[Records excerpted from a collection]
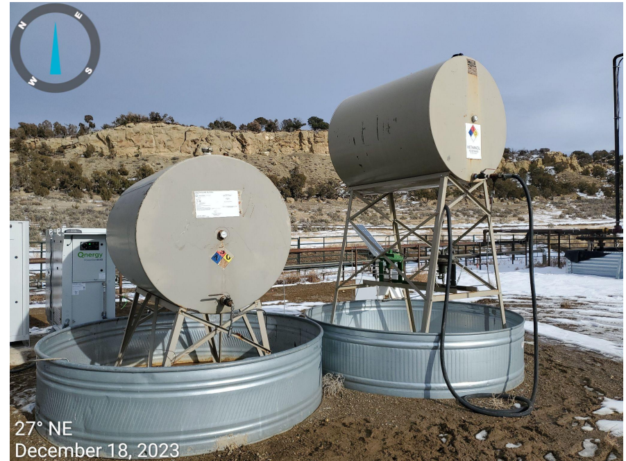
Photo 15: Photos 15-16 example showing wildlife protection measures to prevent wildlife ingress, and to allow for egress (such as netting, or escape ramps) are missing from containment measures at tanks on the Location.

Inspection Photos SCHUTZ EXPLORATION CORP #3104 Location ID: 430927
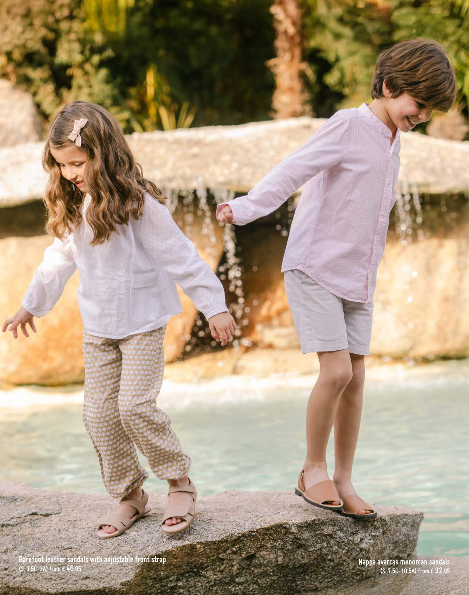
Barefoot leather sandals with adjustable front strap (S. 3.5C-2A) from £ 46.95
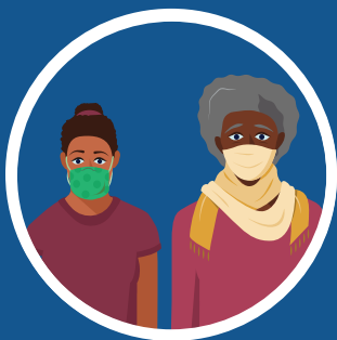
METE MASK ANNDAN LÈ NOU YON DISTANS MWENS KE 6 PYÈ
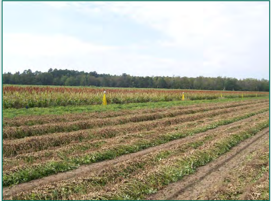
This photo shows a sorghum trap crop with ripe brown seed heads. Yellow pheromone traps for brown stink bug are placed in the first row of sorghum. Cotton is barely visible on the far side of the field in front of the trees. Peanuts are in the foreground. When peanuts are ready for harvest, the plants are turned upside down to allow the peanuts to dry. A few days later a combine comes through to remove the peanuts from the plant. In this photo, the peanuts are inverted. The four rows adjacent to the sorghum are yet not turned. As the peanuts in this field are dug, stink bugs will migrate from the plants into the adjacent sorghum, rather than into the cotton crop.

Growers should sow two plantings of sorghum several weeks apart. That helps pests find the stage of sorghum that is most attractive during the entire cotton season. The sorghum also provides plenty of pollen for the minute pirate bug, an egg predator of stinkbugs. This combination of trap crop and beneficial insect habitat can protect cotton crops from damage by stinkbugs that are migrating from harvested peanut fields.
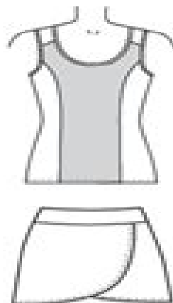
2. KWIKSEW K4113
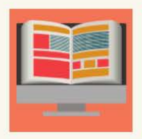
Online Material Access
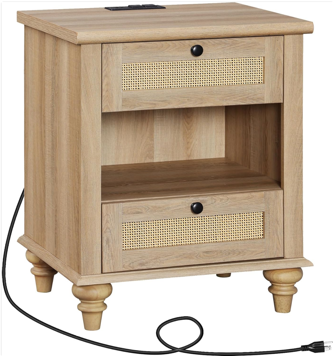
Image: The assembled WAMPAT Rattan Nightstand, showing the power cord extending from the back, ready for use.
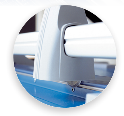
Self-sharpening system maintains a perfectly honed blade.
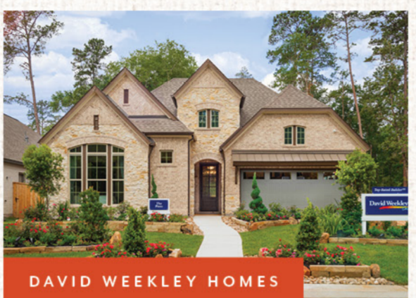
DAVID WEEKLEY HOMES 281-249-7753 From the high $300's | 2,200 - 3,300 sf
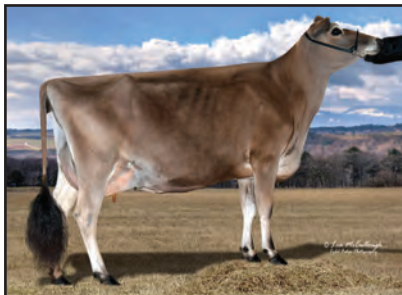
WOODMOHR INDIANA ROSEBUD Great-Grandam of Lot 30

JX KASH-IN SHOOTOUT {5}-P-ET JE840003013871581 GT13K BBR 100 JH1F JNSF A1A2 91JE5624 CDCB GPTA S 04/01/2021 200DAUS 27HRDS 2%RIP 97%R -537M 0.20% 15F 27%ILE 97%R 0.08% -4P 137CM$ 114NM$ 65FM$ 90GM$ 0.8PL -1.6LIV -1.1DPR -1.2CCR 2.6HCR 2.81SCS 0.1MFV 0.4DAB 0.1KET 0.6MAS 1.2MET -0.1RPL 4.34HTI AJCA 04/01/2021 64DAUS GPTAT 93%R 1.2 GJUI 13.2 GJPI 92%R 28

*Exercise prompt*
Only the lines from the first line of the entries through the line containing "METE MASK ANNDAN" should be output, exactly as they are, without pictures.

*Exercise solution*
Photo 15: Photos 15-16 example showing wildlife protection measures to prevent wildlife ingress, and to allow for egress (such as netting, or escape ramps) are missing from containment measures at tanks on the Location.

Inspection Photos SCHUTZ EXPLORATION CORP #3104 Location ID: 430927
Barefoot leather sandals with adjustable front strap (S. 3.5C-2A) from £ 46.95
METE MASK ANNDAN LÈ NOU YON DISTANS MWENS KE 6 PYÈ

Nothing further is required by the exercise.